Big old knuckle walking apes aren’t supposed to be able to swim either. Just another one of those times when you wish you could have been there. Ho’d have the nerve to push the ape into the pool?
There are Pleistocene dwarf elephant remains on Santa Cruz Island off Santa Barbara. Santa Cruz Island has not been attached to the mainland for at least 15 million years (and probably never has been.) The Santa Barbara Channel is deep. So unless these elephants’ ancestors floated over hanging on to some driftwood, they had at least a several mile swim, even at the lower sea levels of the Pleistocene.
Some followup: “apes cannot swim” in google turns up a plethora of references that say:
1 - gorillas can’t swim
2 - siamangs and gibbons can’t swim
3 - orangutans can’t swim
4 - chimpanzees can’t swim
5 - great apes in general can’t swim, while some species of monkeys can.

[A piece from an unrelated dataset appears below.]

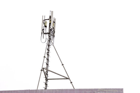 Hooded crow perching and pecking satellite dish on urban rooftop with antennas and cables

Some of the chimpanzee references say it’s because they have very low body fat and don’t float:
This would mean that they couldn’t learn to unless you fitted them with water wings or a life jacket. I wonder if they’d be able to swim in the Dead Sea?
I seem to recall somewhere reading about a particular wild orangutang under study who actually did figure out how to swim, and taught her entire tribe (troop? What do you call a group of apes?). If I recall correctly, it was on an island near Japan, and I think I read about it in my high school AP biology textbook.
I’ll accept that most apes can’t float motionless due to their greater proportion of muscle, but if we’re talking about actual swimming, rather than floating, the stronger apes should have an advantage over Man.
Yes, there WAS a commercial (I THINK it was for COcoa-cola) that featured a swimming elephant- and the footage was not faked. Somewhere in Asia, the COke people found a guy with a swimming elephant who performed for tourists.
The story gets stranger: after seeing the elephant swim, the Coke advertising folks paid the owner, and set up a date for the film crew to come and shoot the elephant swimming. The owner told them “That day is no good. It’s a Sunday. The elephant doesn’t work on Sunday.” The advertising men were impatient and said, “Don’t be ridiculous. It’s an ANIMAL, for crying out loud. He doesn’t know what day of the week it is.” The owner insisted that SUnday was the elephant’s day off and he wouldn’t work on Sunday, but was happy to let the crew come out on SUnday and see for themselves.
Well, the crew came out… and sure enough, the elephant wouldn’t go in the water. The elephant had gotten used to a schedule of 6 days swimming, followed by a day of rest, and would NOT swim on Sunday. The crew came back on Monday, and sure enough… the elephant swam, and they got the commercial in one take.
Orangutans are native to Borneo, which is split among Malaysia, Indonesia, and Brunei (sp?). It’s not particularly close to Japan – unless this was a troop (I’ll go with that word until I’m told better) at a Japanese zoo or something.
"History of the Japanese Macaques Hot Tubbing Behavior:
In 1963, a young female monkey called Mukubili ventured into a hot spring to retrieve a scattering of soybeans. Soon other monkeys began to enter the springs, a behavior adopted over the years by the entire troop, which now regularly retreats to the 43 degrees C (109 degrees F) hot springs to escape winter cold. At first the behavior caught on primarily among young monkeys and their mothers, then gradually spread through the troop. Other troops have adopted their own cultural patterns, such as potato washing and learning to swim in the ocean."
The Japanese macaque is commonly known as the Snow Monkey.
Three-toed sloths, which I am told I closely resemble, have been known to cross large rivers by crawling along the bottom. They cannot swim, but their extremely slow metabolisms allow them to stay under water for a quarter of an hour or more. Of course, they don’t walk all that fast, either.